Operational procedures for mc-proxy. Written for operators, not developers.

Service Overview

mc-proxy is a Layer 4 TLS SNI proxy. It routes incoming TLS connections to backend services based on the SNI hostname. It does not terminate TLS or inspect application-layer traffic.
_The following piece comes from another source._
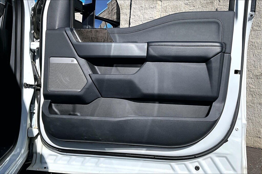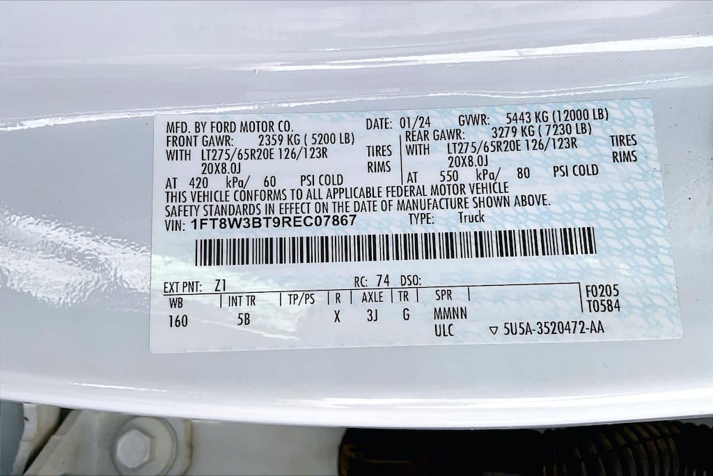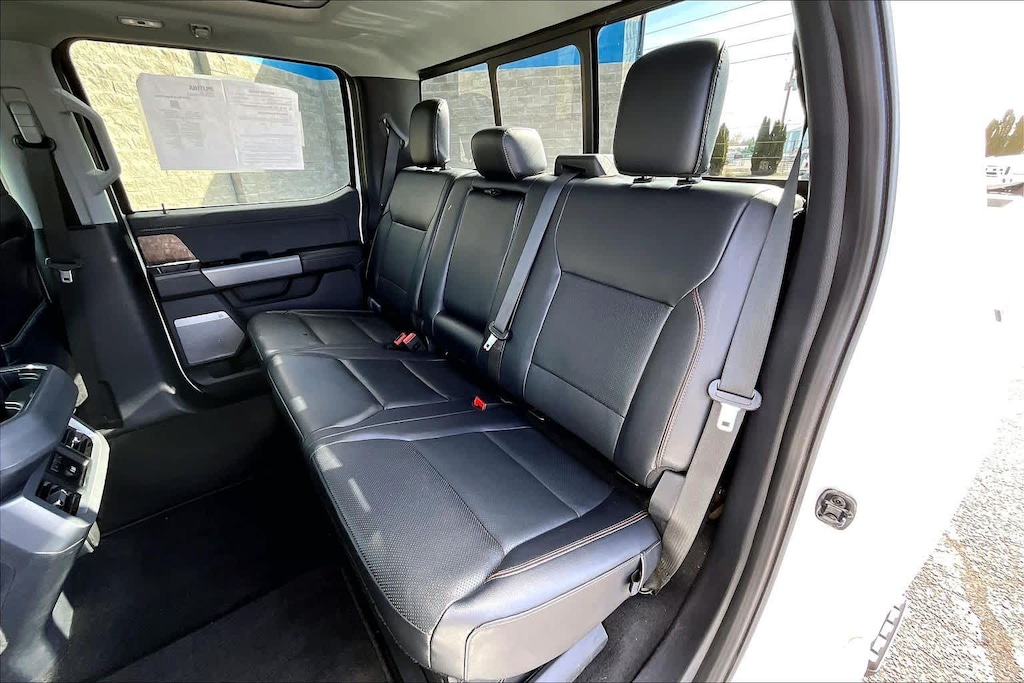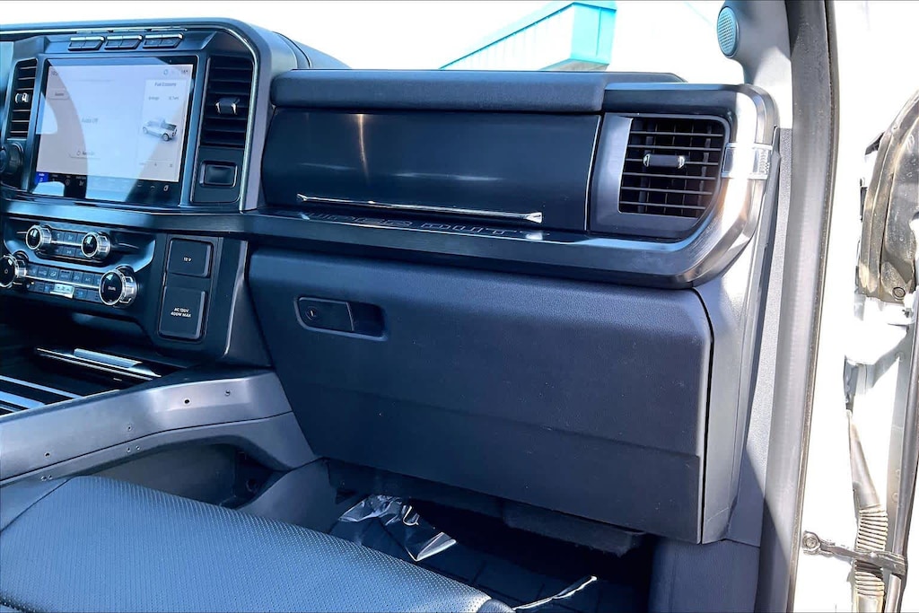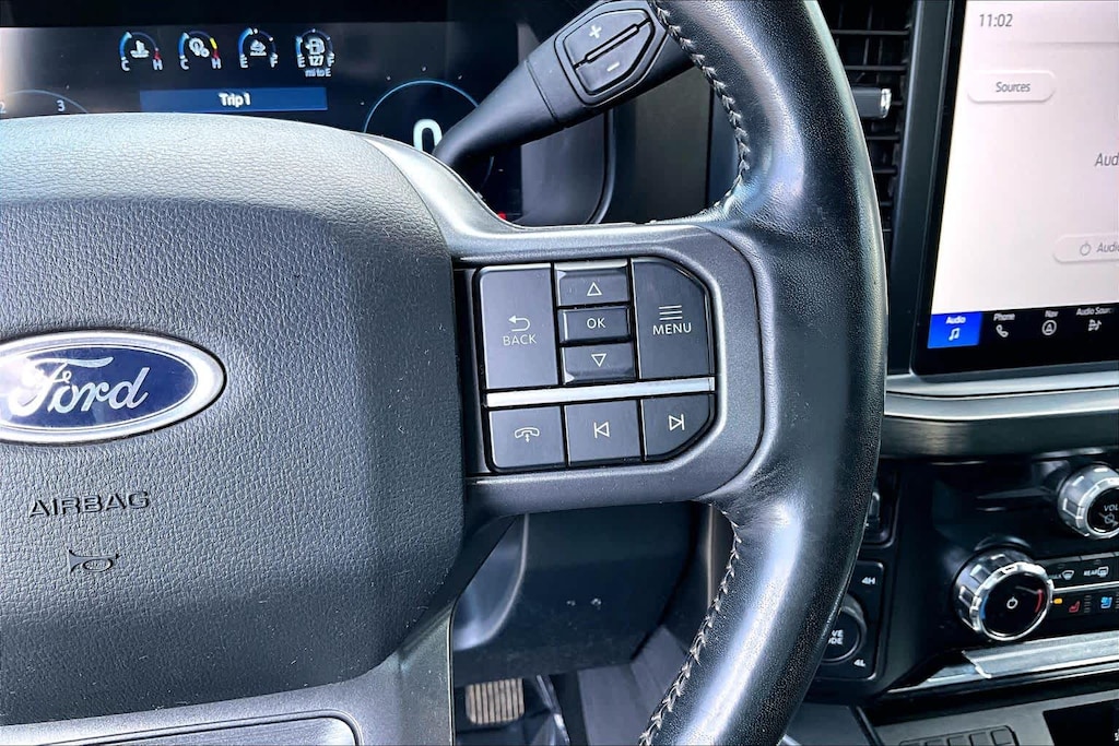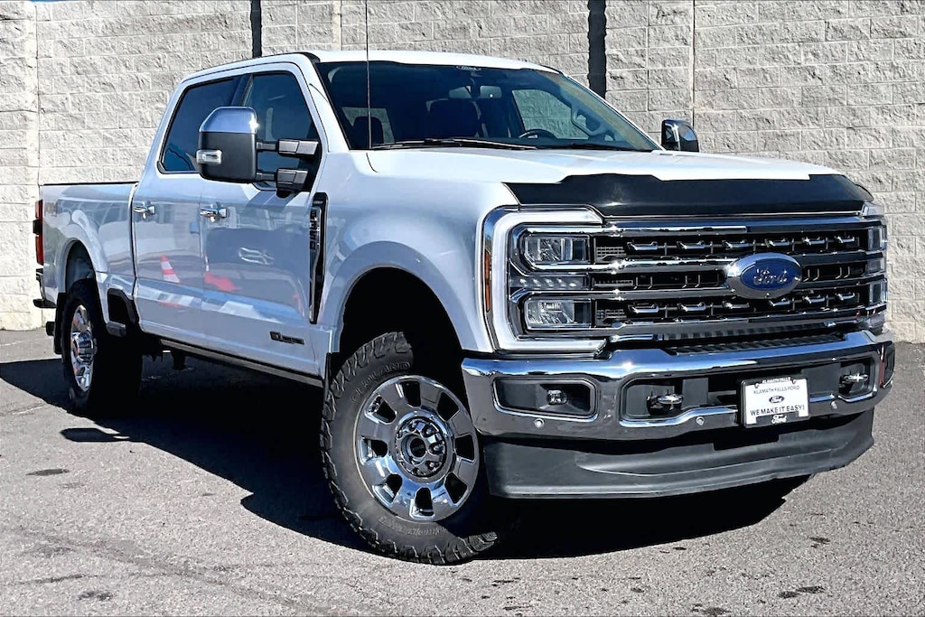LARIAT ULTIMATE PACKAGE Wireless Charging Pad, Front Sensing System, Tailgate Step & Handle, Intelligent Adaptive Cruise Control w/Stop-and-Go, lane centering and speed sign recognition, Radio: B&O Unleashed Sound System by Bang & Olufsen, HD Radio w/14 speakers including subwoofer, Pro Trailer Hitch Assist, Ford Co-Pilot 360 2.0, rear view camera, reverse brake assist and reverse sensing system, Lane-Keeping System, lane-keeping alert, lane-keeping aid and driver alert, Pre-Collision Assist, Automatic Emergency Braking (AEB), pedestrian detection, forward collision warning, dynamic brake support and intersection assist, Post-Collision Braking, Automatic High Beam, BLIS w/Cross-Traffic Alert, trailer coverage, Upfitter Switches (6), Located in overhead console, 4-Way Adjustable Headrests, TWIN PANEL POWER MOONROOF map lights and moonroof switches, CHROME PACKAGE 2 front chrome tow hooks, Unique Chrome Mirror Caps, Tires: LT275/65Rx20E BSW Automatic Transmission (4), Spare may not be the same as road tire, Wheels: 20 Chrome PVD Aluminum, Chrome Door Handles, 6 Angular Bright Anodized Step Bars, Chrome Exhaust Tip, ELECTRONIC-LOCKING W/3.55 AXLE RATIO, TRANSMISSION: TORQSHIFT 10-SPEED AUTOMATIC SelectShift and selectable drive modes: normal, eco, slippery roads, tow/haul and off-road (STD). Ford LARIAT with Oxford White exterior and Black Onyx interior features a 8 Cylinder Engine with 430 HP at 5500 RPM*.

A global firewall blocks connections by IP, CIDR, or GeoIP country before routing.

Health Checks

Via gRPC (requires admin API enabled)

mc-proxy status -c /srv/mc-proxy/mc-proxy.toml

Expected output:

mc-proxy v0.1.0
uptime:      4h32m10s
connections: 1247

  :443   routes=2  active=12
  :8443  routes=1  active=3
  :9443  routes=1  active=0

Via systemd

systemctl status mc-proxy
journalctl -u mc-proxy -n 50 --no-pager

Via process

ss -tlnp | grep mc-proxy

Verify all configured listener ports are in LISTEN state.

Common Operations

Start / Stop / Restart

systemctl start mc-proxy
systemctl stop mc-proxy
systemctl restart mc-proxy

Stopping the service triggers graceful shutdown: new connections are refused, in-flight connections drain for up to shutdown_timeout (default 30s), then remaining connections are force-closed.

View Logs

# Recent logs
journalctl -u mc-proxy -n 100 --no-pager

# Follow live
journalctl -u mc-proxy -f

# Filter by severity
journalctl -u mc-proxy -p err

Reload GeoIP Database

Send SIGHUP to reload the GeoIP database without restarting:

systemctl kill -s HUP mc-proxy

Or:

kill -HUP $(pidof mc-proxy)

Verify in logs:

level=INFO msg="received SIGHUP, reloading GeoIP database"

Create a Database Backup

# Manual backup
mc-proxy snapshot -c /srv/mc-proxy/mc-proxy.toml

# Manual backup to a specific path
mc-proxy snapshot -c /srv/mc-proxy/mc-proxy.toml -o /tmp/mc-proxy-backup.db

Automated daily backups run via the systemd timer:

# Check timer status
systemctl list-timers mc-proxy-backup.timer

# Run backup manually via systemd
systemctl start mc-proxy-backup.service

# View backup logs
journalctl -u mc-proxy-backup.service -n 20 --no-pager

Backups are stored in /srv/mc-proxy/backups/ and pruned after 30 days.

Restore from Backup

  1. Stop the service:
    systemctl stop mc-proxy
    
  2. Replace the database:
    cp /srv/mc-proxy/backups/mc-proxy-<timestamp>.db /srv/mc-proxy/mc-proxy.db
    chown mc-proxy:mc-proxy /srv/mc-proxy/mc-proxy.db
    chmod 0600 /srv/mc-proxy/mc-proxy.db
    
  3. Start the service:
    systemctl start mc-proxy
    
  4. Verify health:
    mc-proxy status -c /srv/mc-proxy/mc-proxy.toml
    

Manage Routes at Runtime (gRPC)

Routes can be added and removed at runtime via the gRPC admin API using grpcurl or any gRPC client.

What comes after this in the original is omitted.